Tips for Determining Automobile Allowance for Business Use

receipts on a spike Deducting small business expenses is one of the best ways to lower your tax bill. For many businesses and individual entrepreneurs, one of the most advantageous deductions is the automobile allowance. This deduction allows you to reduce your income based on the expenses you incur when using an automobile for business purposes. Follow the tips below to calculate this deduction accurately in 2016.

  • Know whether you can deduct business mileage.
    In general, you can deduct expenses for cars, pickup trucks and SUVs that are used in the course of your business. However, you cannot deduct expenses related to the use of vehicles for hire or vehicles that qualify as equipment, such as dump trucks. You are also unable to deduct any expenses related to you or an employee's personal use of a business vehicle. If a vehicle is used for both business and non-business purposes, you must deduct only the portion of expenses that pertain to business use.
  • Decide which calculation method to use.
    Two different calculation methods are available to taxpayers deducting business mileage. One method, known as the "actual expenses" method, involves calculating the actual expenses you paid for the vehicle throughout the year. Examples of expenses that can be included in this calculation are the cost of gasoline, required repairs and oil changes. If you used the vehicle for both personal and business purposes, only the portion of expenses that pertain to business use can be included in the calculation.

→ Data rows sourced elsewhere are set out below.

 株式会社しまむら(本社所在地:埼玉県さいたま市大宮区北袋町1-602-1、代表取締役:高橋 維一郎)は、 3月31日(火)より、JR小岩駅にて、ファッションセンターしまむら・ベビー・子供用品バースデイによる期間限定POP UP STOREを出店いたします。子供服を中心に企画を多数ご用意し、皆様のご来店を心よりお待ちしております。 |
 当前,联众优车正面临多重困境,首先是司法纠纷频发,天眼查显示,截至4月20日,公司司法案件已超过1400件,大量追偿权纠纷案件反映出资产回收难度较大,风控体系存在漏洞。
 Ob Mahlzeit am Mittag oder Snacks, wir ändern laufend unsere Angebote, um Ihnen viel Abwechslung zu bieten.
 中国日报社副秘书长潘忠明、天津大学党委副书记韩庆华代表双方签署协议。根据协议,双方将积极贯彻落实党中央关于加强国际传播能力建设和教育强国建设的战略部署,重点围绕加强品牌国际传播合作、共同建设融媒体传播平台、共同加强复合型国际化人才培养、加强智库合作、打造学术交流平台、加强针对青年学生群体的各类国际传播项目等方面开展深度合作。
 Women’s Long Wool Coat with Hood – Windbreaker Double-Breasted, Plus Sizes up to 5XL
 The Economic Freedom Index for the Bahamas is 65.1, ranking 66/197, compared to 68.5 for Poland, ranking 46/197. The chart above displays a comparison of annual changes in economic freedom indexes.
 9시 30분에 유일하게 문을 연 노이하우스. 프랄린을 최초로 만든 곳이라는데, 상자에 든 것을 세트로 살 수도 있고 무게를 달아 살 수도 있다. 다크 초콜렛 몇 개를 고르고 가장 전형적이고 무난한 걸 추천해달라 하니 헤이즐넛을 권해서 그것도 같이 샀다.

    The other calculation method is known as the "standard mileage rate" method. To use this calculation method, simply calculate the number of miles driven for business purposes during the year and multiply it by the IRS' standard mileage rate for that tax year. For 2016, the IRS has announced that the standard mileage rate for business miles will be 54 cents per mile. This rate is slightly lower than that of the previous tax year.

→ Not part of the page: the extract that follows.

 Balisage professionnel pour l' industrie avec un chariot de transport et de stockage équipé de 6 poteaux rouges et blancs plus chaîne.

    To determine which of these calculation methods is more beneficial, calculate the deduction both ways and choose the larger amount.
  • Know the limitations.
    In some cases, you may not be able to use the standard mileage rate to calculate your deduction. Specifically, you cannot use the standard mileage rate for more than four vehicles at the same time, after claiming a Section 179 deduction or after using a depreciation method under MACRS. Most miles driven for business purposes are deductible. However, you must omit miles driven to and from work.
  • Keep records to support your deductions.
    If the IRS audits your tax return, you must be able to provide documentation to support your business vehicle deductions. Keep careful records of all of the miles driven throughout the year, and retain any receipts relating to vehicle expenses. Keep these documents for at least three years after you file your tax return.